In den sächsischen Landkreisen Meißen und Vogtlandkreis werden energieeffiziente und weniger energieeffiziente Wohnungen durchschnittlich etwa zum gleichen Preis angeboten.

Bis zu 50 Prozent der Inserate mit Effizienzklasse D und besser

Im Durchschnitt aller 400 Landkreise und kreisfreien Städte Deutschlands liegt der Anteil an Eigentumswohnungen mit sehr guter bis durchschnittlicher Energieeffizienz (Klassen A+, A, B, C und D) bei 35 Prozent.

Am höchsten ist er in den Landkreisen sowie in den sieben größten Metropolen („Big 7“) mit durchschnittlich jeweils 35,8 Prozent. Einen geringeren Anteil weisen im Durchschnitt die kreisfreien Mittelstädte mit 33,5 Prozent auf. In 62 Regionen, überwiegend in Ostdeutschland und Südbayern, beträgt der Anteil der Wohnungen mit sehr guter bis durchschnittlicher Energieeffizienz mindestens 42,5 Prozent.

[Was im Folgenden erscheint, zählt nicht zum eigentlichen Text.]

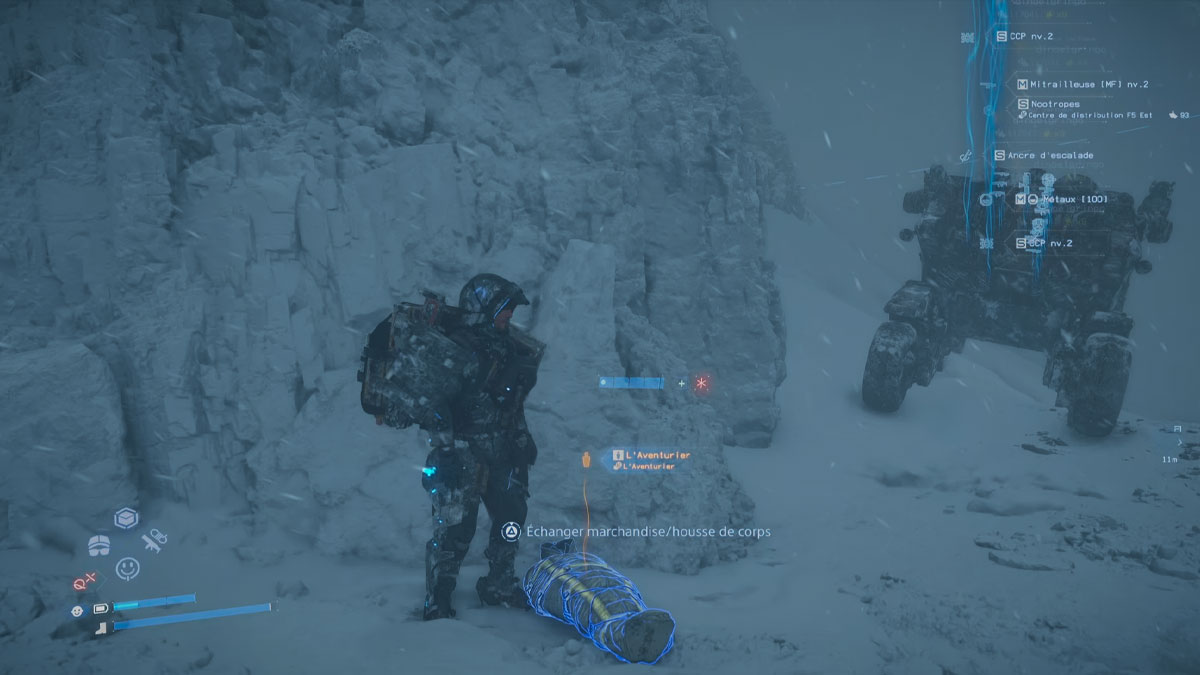 L’aventurier se trouve sur une cornique rocheuse de la montagne, il te suffit de faire le tour en montant vers la gauche pour le trouver. Pour vous aider, vous pouvez utiliser votre scanner en

Die zehn Großstädte mit dem höchsten Anteil an Eigentumswohnungen mit den Effizienzklassen A+, A, B, C, D* an allen Angeboten**

 Rang

Stadt***

Anteil

Kaufpreis im Durchschnitt, sehr gute bis durchschnittliche Energieeffizienz, in Euro je qm

1

Trier

49,1%

4.422

2

Jena

48,9%

4.281

3

Erlangen

47,0%

5.363

4

Rostock

46,2%

4.112

5

Chemnitz

45,4%

1.447

6

Freiburg im Breisgau

44,1%

5.982

7

Offenbach am Main

41,5%

4.522

8

Erfurt

41,4%

2.813

9

Ulm

41,2%

5.040

10

Bochum

40,7%

2.715

Den höchsten Wert verzeichnet der brandenburgische Landkreis Potsdam-Mittelmark mit 54,7 Prozent. Dahinter folgen die Landkreise Plön (Schleswig-Holstein) mit einem Anteil von 53,3 Prozent, Börde (Sachsen-Anhalt) mit 52,9 Prozent sowie der Saale-Holzland-Kreis (Thüringen) mit 52,0 Prozent.

Energieeffizienz ist nur ein Kriterium unter vielen

Für Manuel Beermann, Leiter Produktmanagement Immobilien der Postbank, ist Energieeffizienz aufgrund der aktuellen Entwicklungen jetzt noch wichtiger bei der Wahl einer Immobilie.

Er mahnt aber zur Vorsicht: „Doch sie darf nie das einzige Entscheidungskriterium sein. Wichtig ist dabei ein genauer Blick in Details, um Mängel und Sanierungsbedarfe beim Kauf einschätzen zu können. Dabei helfen Sachverständige.“

Potenziellen Hauskäufern hatte Michael Voigtländer vom Institut der deutschen Wirtschaft geraten: „Einen möglichen Mittelweg bieten Häuser der Energieeffizienzklasse D. Gegenüber einem bereits sehr effizienten Gebäude fällt der Kaufpreis häufig niedriger aus, zugleich ist das technische und finanzielle Sanierungsrisiko meist besser kalkulierbar als bei Häusern der niedrigsten Effizienzklassen.“ (30.7.2026).